Directions for this task —
From the listing below, give again exactly the lines from the line with "zoom (přiblížení/oddálení). |" to the line with "根據公司年度精益生產工作計劃", ends included, without any pictures.

Excerpted data —
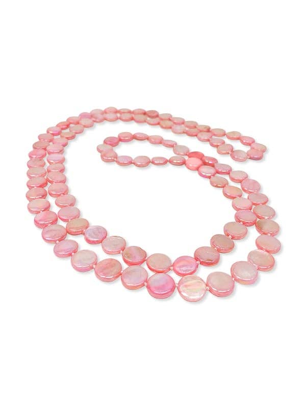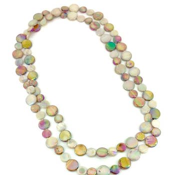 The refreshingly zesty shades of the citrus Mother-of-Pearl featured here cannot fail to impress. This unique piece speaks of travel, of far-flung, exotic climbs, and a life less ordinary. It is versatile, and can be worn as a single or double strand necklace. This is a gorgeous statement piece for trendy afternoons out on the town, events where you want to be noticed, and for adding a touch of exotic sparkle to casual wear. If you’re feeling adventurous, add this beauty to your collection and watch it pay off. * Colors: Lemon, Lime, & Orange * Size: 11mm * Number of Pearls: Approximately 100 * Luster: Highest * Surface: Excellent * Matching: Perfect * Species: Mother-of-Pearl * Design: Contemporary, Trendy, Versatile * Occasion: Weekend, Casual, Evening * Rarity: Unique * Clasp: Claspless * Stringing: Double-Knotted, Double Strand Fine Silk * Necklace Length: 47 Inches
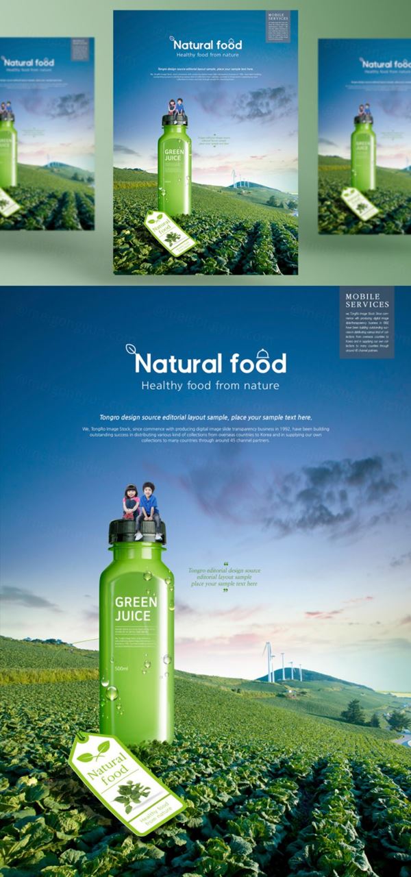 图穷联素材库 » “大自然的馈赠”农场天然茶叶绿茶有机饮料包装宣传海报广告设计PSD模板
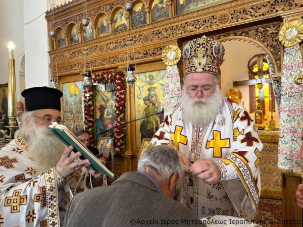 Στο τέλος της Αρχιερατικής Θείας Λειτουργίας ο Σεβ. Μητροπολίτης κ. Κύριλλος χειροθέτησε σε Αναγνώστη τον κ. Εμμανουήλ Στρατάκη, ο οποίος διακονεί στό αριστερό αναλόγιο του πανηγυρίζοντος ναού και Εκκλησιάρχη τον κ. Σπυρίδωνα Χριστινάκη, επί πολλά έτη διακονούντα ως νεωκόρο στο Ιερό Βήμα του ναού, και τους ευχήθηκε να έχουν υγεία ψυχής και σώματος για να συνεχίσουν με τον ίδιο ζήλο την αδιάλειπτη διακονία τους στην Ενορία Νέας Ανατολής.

---

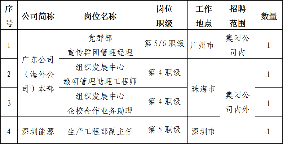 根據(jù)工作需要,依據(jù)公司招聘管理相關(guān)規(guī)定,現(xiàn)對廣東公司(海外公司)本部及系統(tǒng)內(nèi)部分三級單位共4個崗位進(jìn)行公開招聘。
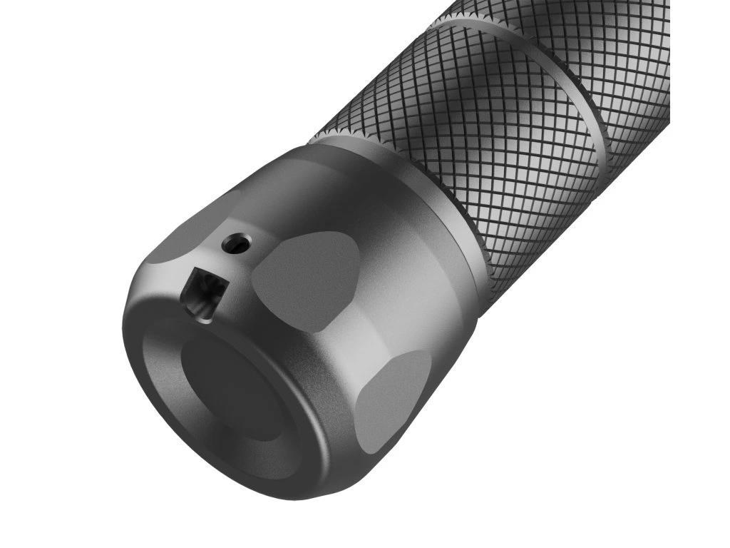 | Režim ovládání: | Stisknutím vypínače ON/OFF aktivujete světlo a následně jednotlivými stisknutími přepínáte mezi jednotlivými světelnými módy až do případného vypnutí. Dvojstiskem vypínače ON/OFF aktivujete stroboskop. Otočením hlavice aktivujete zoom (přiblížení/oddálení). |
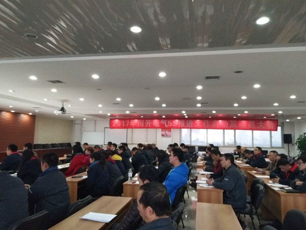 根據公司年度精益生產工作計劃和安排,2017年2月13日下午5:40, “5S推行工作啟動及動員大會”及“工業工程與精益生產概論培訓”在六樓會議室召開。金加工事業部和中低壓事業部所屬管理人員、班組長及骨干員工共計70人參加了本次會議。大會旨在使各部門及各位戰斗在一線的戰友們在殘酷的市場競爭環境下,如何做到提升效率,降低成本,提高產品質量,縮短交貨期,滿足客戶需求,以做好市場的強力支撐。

Worked solution —
 | Režim ovládání: | Stisknutím vypínače ON/OFF aktivujete světlo a následně jednotlivými stisknutími přepínáte mezi jednotlivými světelnými módy až do případného vypnutí. Dvojstiskem vypínače ON/OFF aktivujete stroboskop. Otočením hlavice aktivujete zoom (přiblížení/oddálení). |
 根據公司年度精益生產工作計劃和安排,2017年2月13日下午5:40, “5S推行工作啟動及動員大會”及“工業工程與精益生產概論培訓”在六樓會議室召開。金加工事業部和中低壓事業部所屬管理人員、班組長及骨干員工共計70人參加了本次會議。大會旨在使各部門及各位戰斗在一線的戰友們在殘酷的市場競爭環境下,如何做到提升效率,降低成本,提高產品質量,縮短交貨期,滿足客戶需求,以做好市場的強力支撐。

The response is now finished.